In Ontario, it’s now estimated Omicron accounts for 88% of new cases, up significantly from 20% one week ago. The Ontario Science Table estimates cases are doubling every 2.7 days. As Omicron cases take over in Ontario, the Science Table is also seeing effectiveness of two doses of vaccine dropping significantly, though protection against hospital and ICU admission appear to be holding in these very early days (see powerful visual).
The World Health Organization emphasized the threat of Omicron today too. “There is now consistent evidence that Omicron is spreading significantly faster than the Delta variant,” WHO director-general Tedros Adhanom Ghebreyesus told a news briefing in Geneva. “And it is more likely people vaccinated or recovered from COVID-19 could be infected or re-infected.”
Meanwhile, Moderna issued new data today suggesting their booster shot should offer protection against Omicron, similar to an earlier report from Pfizer. Both companies stressed these findings are preliminary.
So far, over 190,000 people, or 14.5% of eligible Manitobans, have received their third dose. 84.4% have received their first dose and 78.2% have received their second dose.
CLOSE CONTACT NOTIFICATION CHANGE
Public Health is shifting resources from contact notification to vaccination. The update today noted that “with the introduction of the omicron variant of concern, Manitoba is anticipating a surge in COVID-19 cases similar to that seen in other countries and provinces. Manitoba is shifting public health resources to increase vaccination rates and support treatment.”
This will mean that cases will be required to notify close contacts themselves. Public Health will still do contact tracing in a targeted way, including school outbreaks, PCHs, child care, shelters and health facilities.
Additional information is available here.
HOSPITAL CAPACITY SITUATION
Hospital capacity continues to be extremely limited, leading to care being prioritized.

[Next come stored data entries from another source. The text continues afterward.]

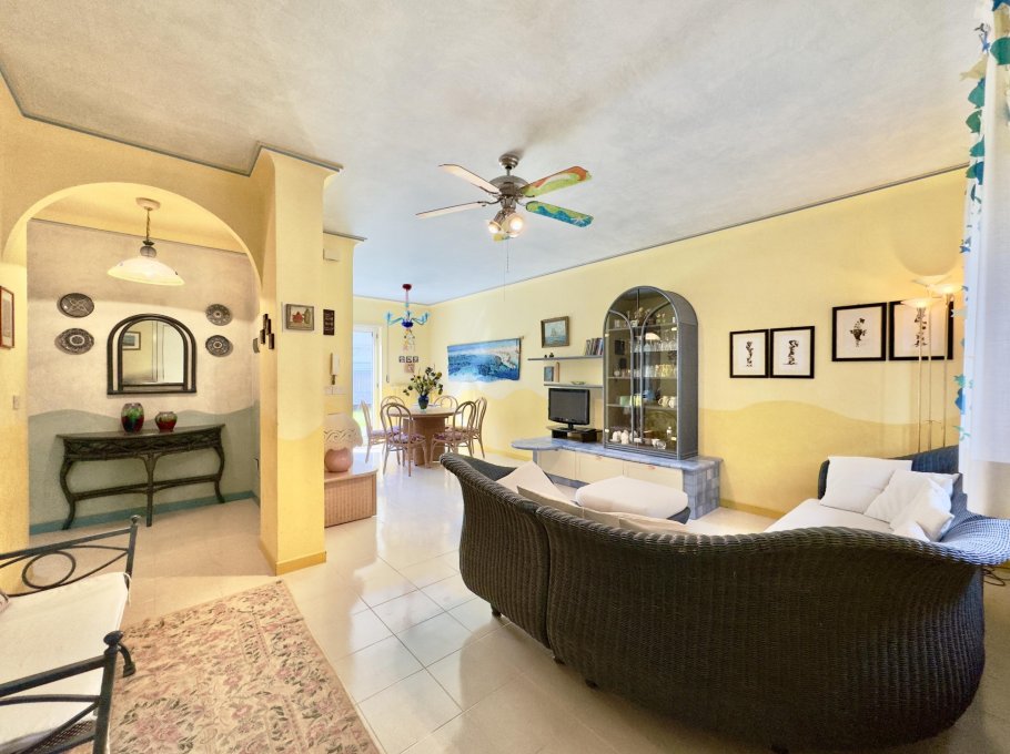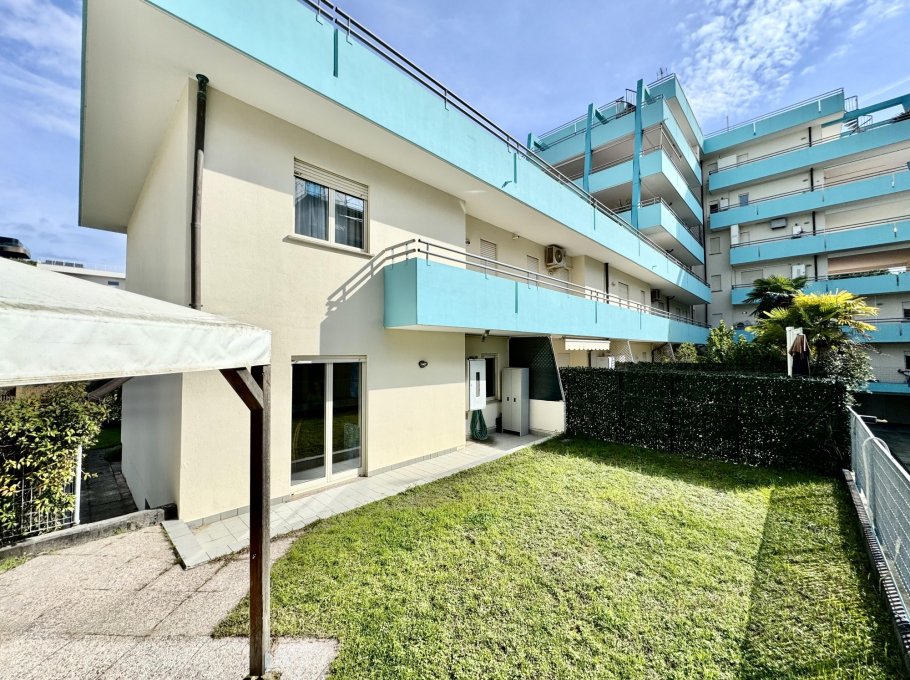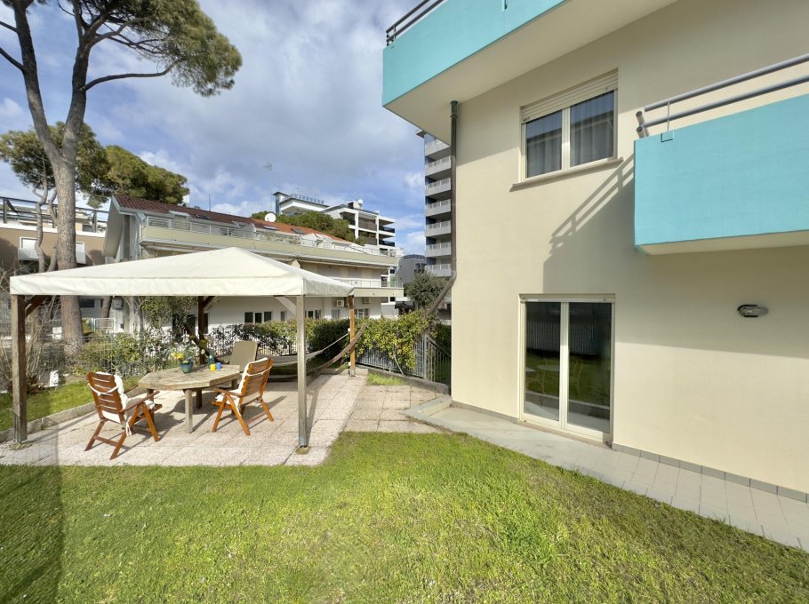 Head terraced house in a condominium context located in a very central position, closed to the pedestrian area of Sabbiadoro and 50 metres from the beach. Equipped with wide parking space, garden and terraces.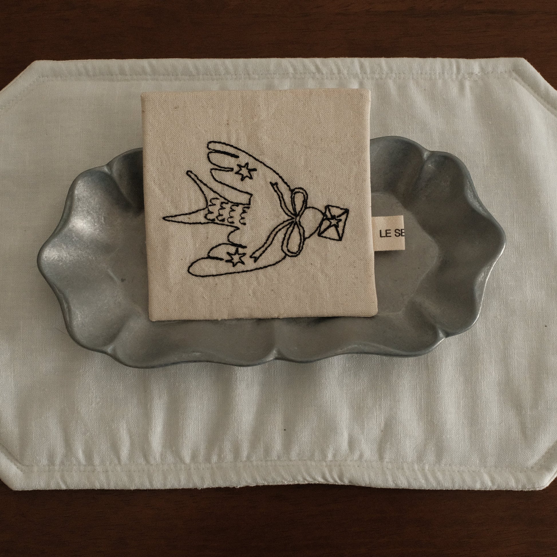 Elevate your table with Le Serein’s exquisite hand-embroidered French linen coasters, featuring peace dove with envelope motif that brings a touch of warmth and nostalgia to your home. Each piece is carefully crafted, blending timeless elegance with functional design.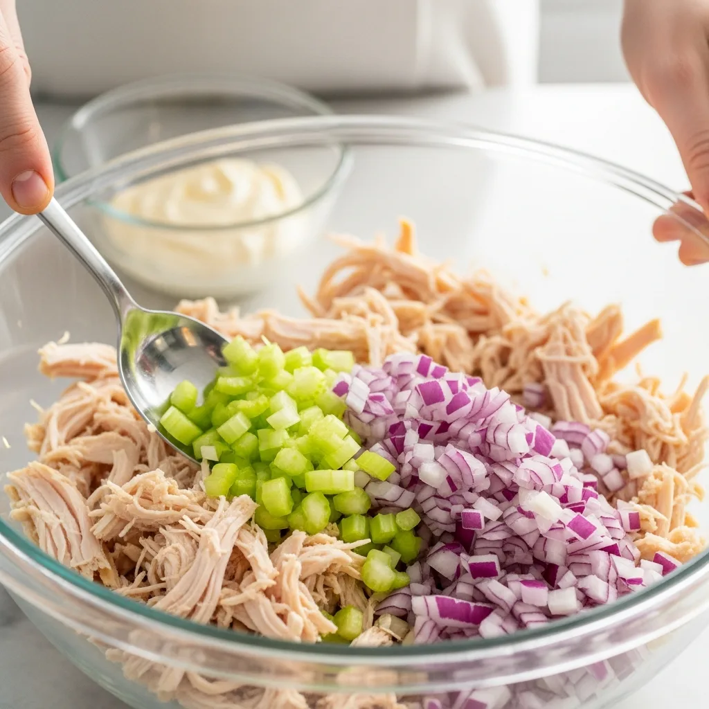 Geniş bir karıştırma kabında didiklenmiş tavukları, doğradığınız sebzeleri ve turşuyu bir araya getirin.

While ICU occupancy decreased over last week, physicians are bracing for a surge in admissions that could follow rapid spread fueled by Omicron. Last week, the provincial government requested federal assistance for 15 – 30 ICU nurses for 6 weeks as ICU capacity was so vulnerable. Over the weekend, we learned that the Canadian Red Cross is sending 8 nurses, due to arrive today. This is a very limited number given the potential for the situation to escalate so quickly.
Meanwhile, we also learned that more scheduled elective surgeries are being postponed this week, to free up resources to continue cancer and emergency surgeries. The changes will affect surgeries at HSC, St. Boniface and Grace Hospitals, and could impact 10 – 15 patients per day. Shared Health stressed that the changes won’t further reduce the overall surgical capacity in place right now, but is redirecting resources to support high priority procedures. Later today, we also learned that procedures from Carman will move to Boundary Trails to maintain beds there, and some surgeries may be cancelled or postponed in Brandon to maintain ICU capacity.

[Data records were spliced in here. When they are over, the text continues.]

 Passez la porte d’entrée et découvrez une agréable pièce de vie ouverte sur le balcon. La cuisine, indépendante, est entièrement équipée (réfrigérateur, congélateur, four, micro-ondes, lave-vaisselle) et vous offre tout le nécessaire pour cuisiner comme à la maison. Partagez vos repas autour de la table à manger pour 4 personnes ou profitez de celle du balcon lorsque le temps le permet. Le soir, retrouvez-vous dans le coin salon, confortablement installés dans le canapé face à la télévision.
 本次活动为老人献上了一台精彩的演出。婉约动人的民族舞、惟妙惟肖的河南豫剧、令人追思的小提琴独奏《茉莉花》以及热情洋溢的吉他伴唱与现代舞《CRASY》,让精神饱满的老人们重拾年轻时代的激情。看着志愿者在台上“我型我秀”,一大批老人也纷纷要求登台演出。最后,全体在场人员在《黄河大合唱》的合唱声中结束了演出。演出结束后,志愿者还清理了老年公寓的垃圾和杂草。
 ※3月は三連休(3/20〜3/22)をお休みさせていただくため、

Doctors Manitoba estimates the surgical backlog has grown to over 56,000 cases in October, and we plan to update this estimate in early January. This is part of the total backlog, which we estimate has grown to over 152,000 surgeries and diagnostic tests.

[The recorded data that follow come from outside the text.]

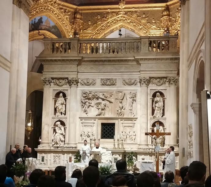 A ciascuno dei presenti è stato chiesto poi di esprimere su un biglietto un pensiero o una richiesta in merito a quanto ci si aspetta dalla Chiesa dal punto di vista pastorale. Questo è stato il modo di inaugurare un’apposita cassetta che permetterà durante l’anno di depositare riflessioni, suggerimenti e preghiere che porteranno un contributo al lavoro del Sinodo dei Vescovi del 2018 sui giovani, la fede ed il discernimento vocazionale. Papa Francesco di recente ha infatti chiesto a questi presuli di diventare collaboratori della gioia dei propri ragazzi, e la pastorale giovanile delle Marche ha pensato di rispondere a tale invito con questo primo strumento di ascolto. Il pontefice alcuni giorni fa ha anche parlato di San Giuseppe come uomo capace di custodire e portare avanti i sogni di Dio. Proprio ricollegandosi a questo pensiero si è pensato di designare la cappella della Basilica lauretana, dedicata a questo santo, come luogo di preghiera dei giovani e di raccolta delle loro proposte per l’intero anno.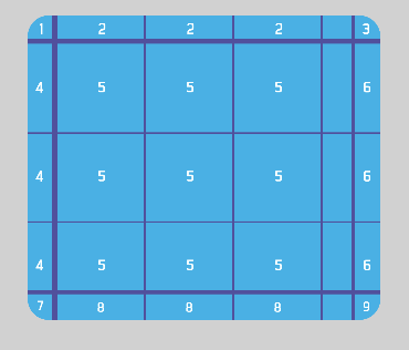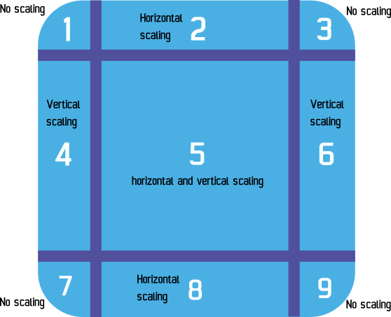 The texture is split into 9 segments, 1 to 9. Each of those segments will be scaled separately. Segments 1, 3, 7, and 9 keep their size and are not scaled, while segments 2 and 8 get scaled only horizontally, 4 and 6 get scaled only vertically, and segment 5 gets scaled both horizontally and vertically. Segments 2, 4, 5, 6, and 8 may repeat instead of scaling based on the panel sprite's object properties settings.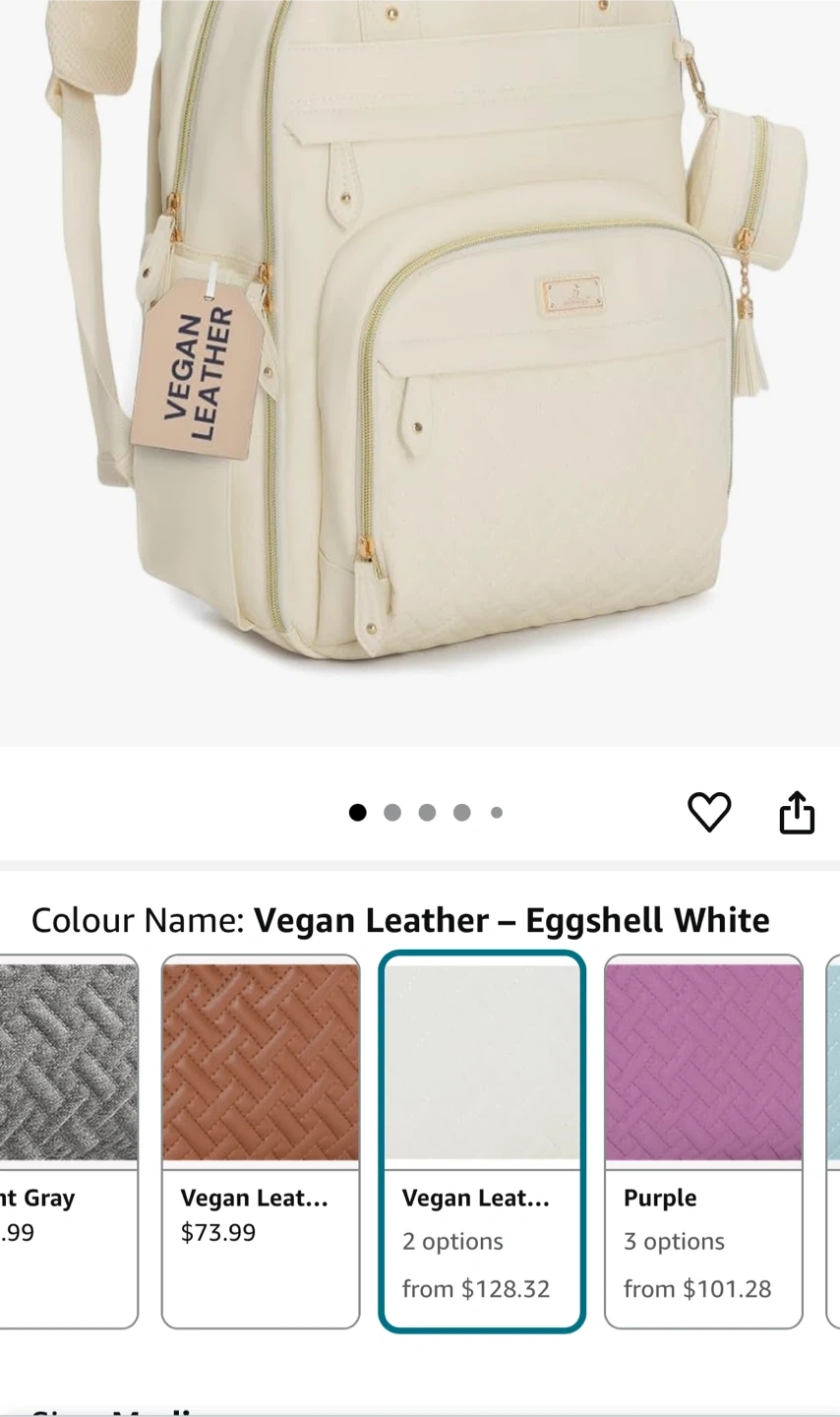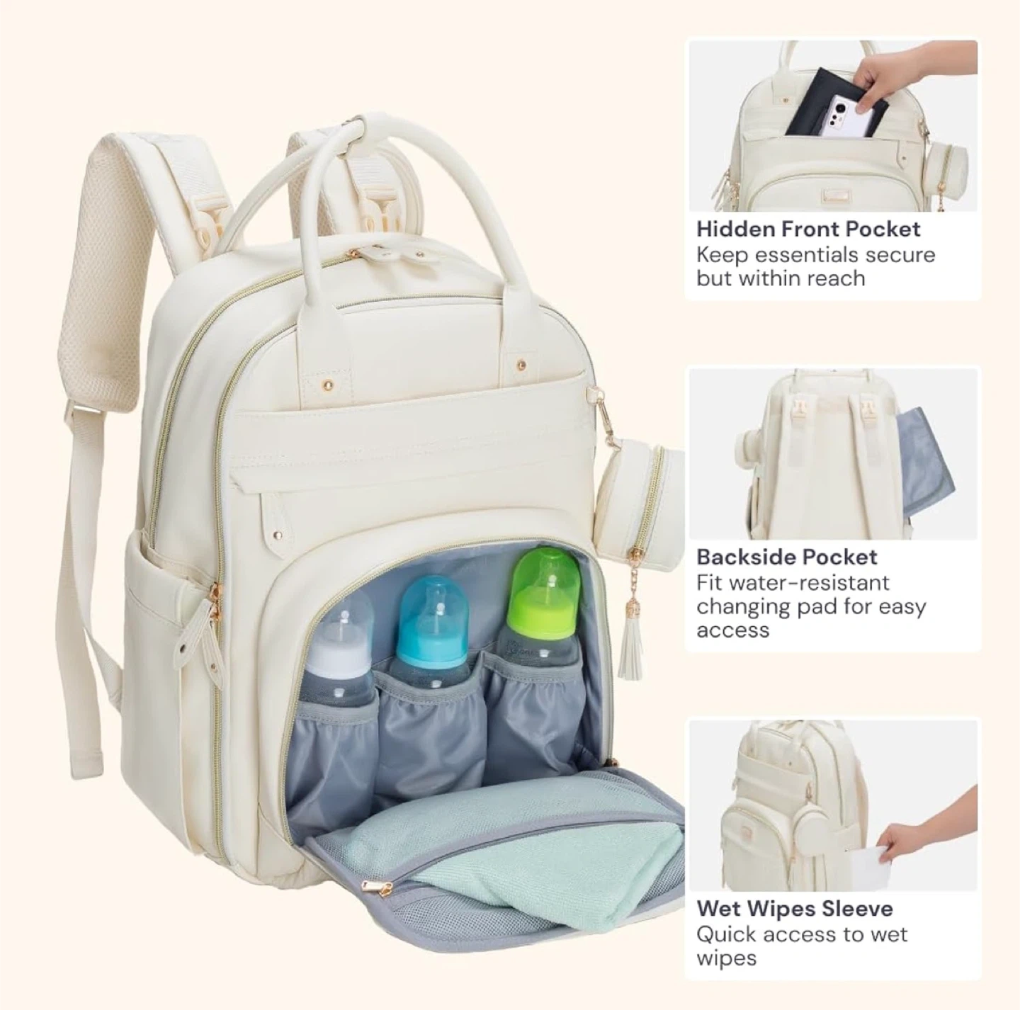 This eggshell white diaper backpack is made of vegan leather! It's got a large capacity with 17 pockets to store everything, including insulated bottle pockets.

→ Read this story that caught national attention today about how the backlog delayed one individual’s kidney transplant.
NEW RESTRICTIONS START TONIGHT
New restrictions, intended to slow the spread of COVID-19 and protect hospital capacity, start tonight at midnight. The public health orders were announced late Friday afternoon by Dr. Brent Roussin, and we forwarded a news flash to members shortly after.
The restrictions include limits on household gatherings, including for fully-vaccinated Manitobans, as well as capacity limits on a number of public places.
You can review our summary here. You can also see a summary of all of the restrictions here.
It’s important to also remember that the federal government is discouraging non-essential U.S. and international travel again. Physicians should carefully review their travel plans and everyone should be prepared for disruptions and changes to isolation requirements.
Monoclonal Antibody Treatment for COVID-19 – Information for Providers
Full memo is available here.
Manitoba is launching a by-referral monoclonal antibody treatment program at a number of locations across the province. The following information should be shared broadly with providers.
Monoclonal antibody treatment for COVID-19 is a one-time intravenous treatment that can be offered to unvaccinated, partially vaccinated or immunocompromised individuals who meet the criteria below. It is expected to reduce the severity of illness and hospitalization rate for some patients by promoting an initial immune response in those with no prior antibodies to COVID-19. This response is also expected to help prevent severe COVID-19 illness in people with weakened immune systems who may not generate a robust response to the COVID-19 vaccines.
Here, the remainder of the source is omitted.